A primeira vez que tinha falado com ele fora por telefone, uns anos antes, para lhe pedir outra coisa. A editora passou-me o número de casa, não havia telemóveis, e depois de umas tentativas lá falámos. O FMI era nessa altura, não havia itunes nem spotifys, um disco raro. Um Maxi - vinil com formato de LP e velocidade de Single - onde, selando o disco dentro da capa, um autocolante com letras vermelhas dizia - A pedido do autor está interdita a reprodução pública deste disco.
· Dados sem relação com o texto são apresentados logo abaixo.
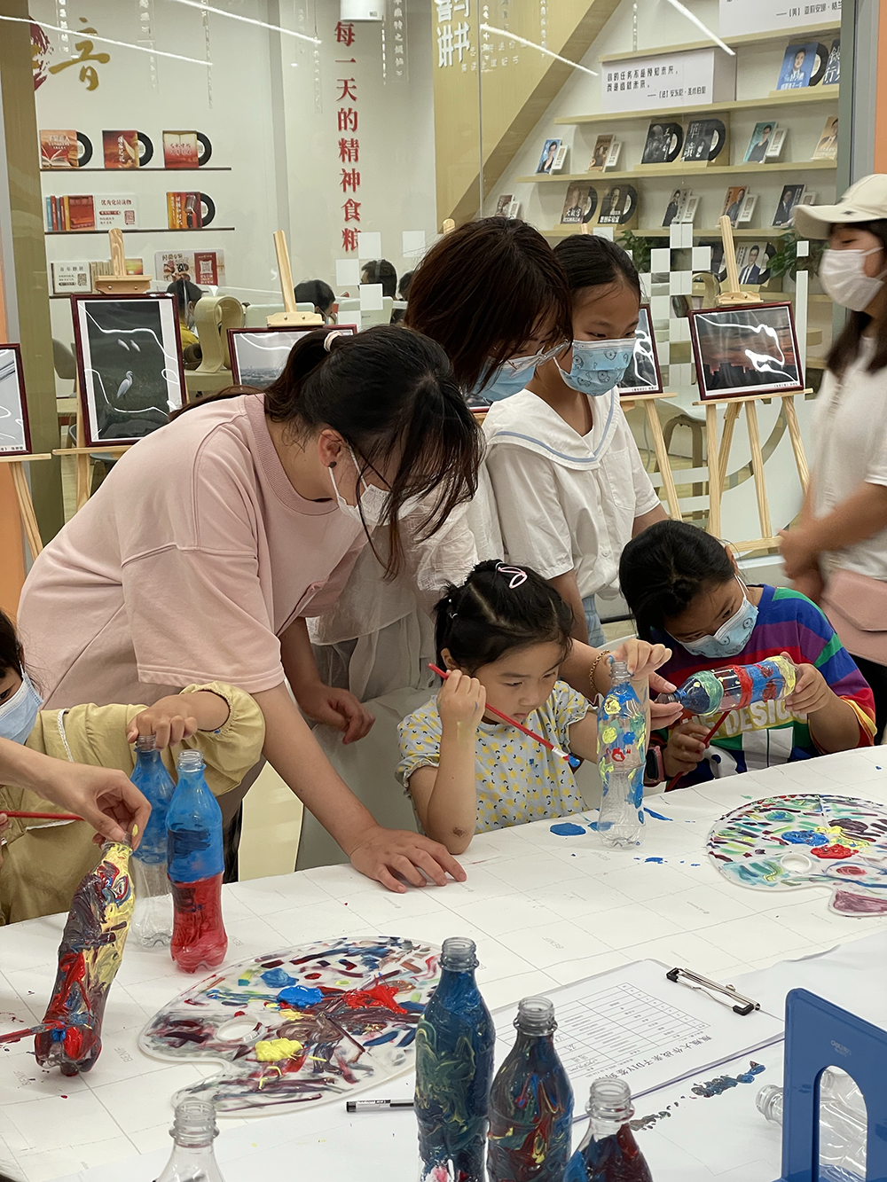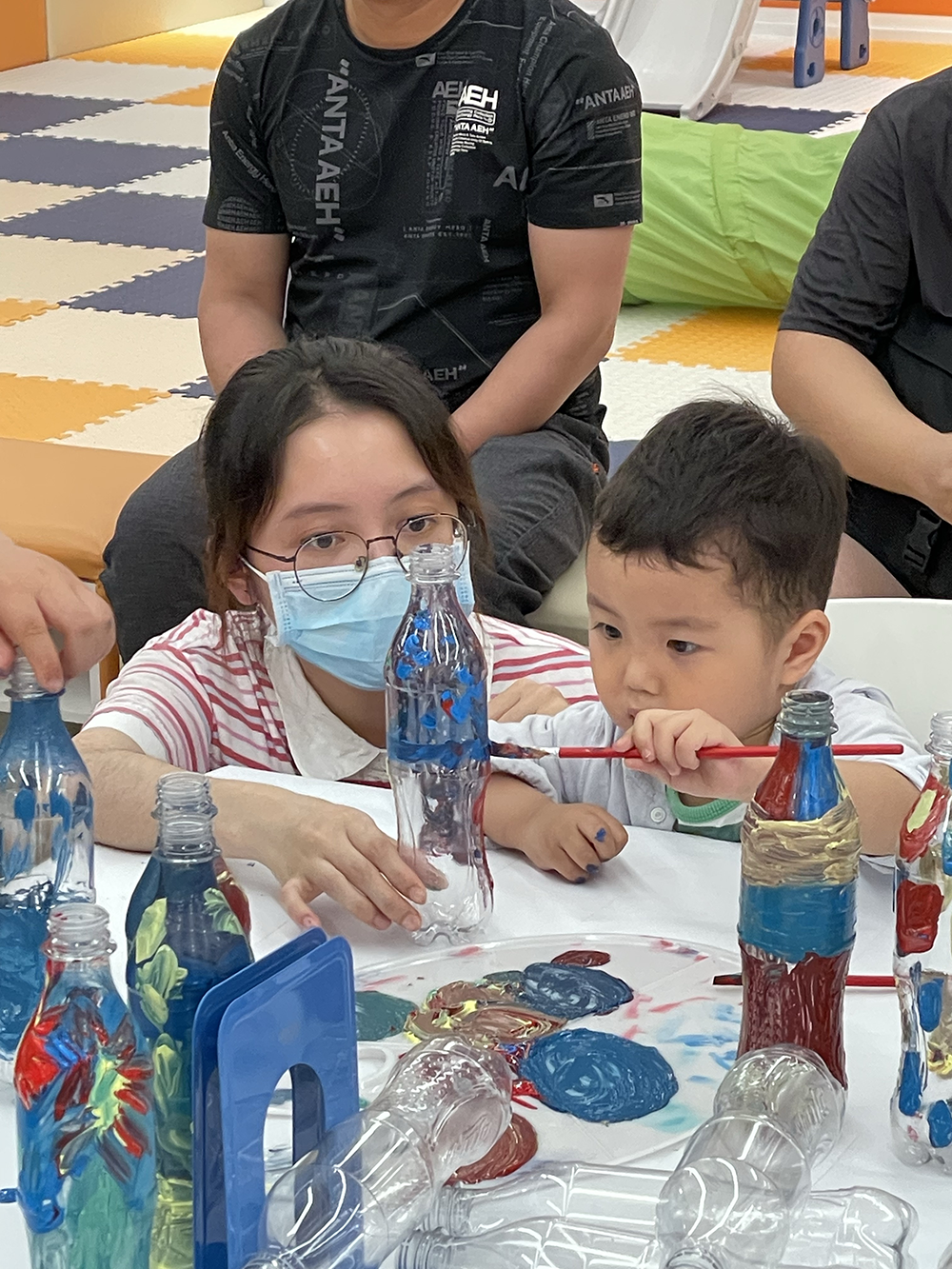 现场“瓶瓶大变身”可乐瓶创意DIY制作环节,国产a片 派出志愿者团队,化身为“小老师”带领现场小朋友们共同对废弃可乐瓶进行创意加工,打造各式各样的“艺术品”,在实践中传播环保艺术理念。

Inconformado, pedi-lhe que mo deixasse tocar na rádio, num programa de música e palavras em português chamado "Rota das Tormentas", onde na altura eu contava histórias de amor e revolta aos ouvintes da emissora estudantil.
Expliquei-lhe era injusto que toda aquela beleza trágica e híper atual ficasse escondida - ainda ontem ouvi o Bruno Nogueira, que é um puto, dizer na rádio que aquele poema podia ter sido escrito amanhã.
Ele respondeu-me do outro lado - Há inquietações que é melhor viver sozinhos. Mas se quiseres muito passa. E eu passei.
Hoje sei que foi por isso que tive a ousadia de lhe pedir para me dar a única coisa que ele tinha para vender. Mas que também foi por isso que - apesar da toda a beleza da Inquietação - nunca mais o esqueci.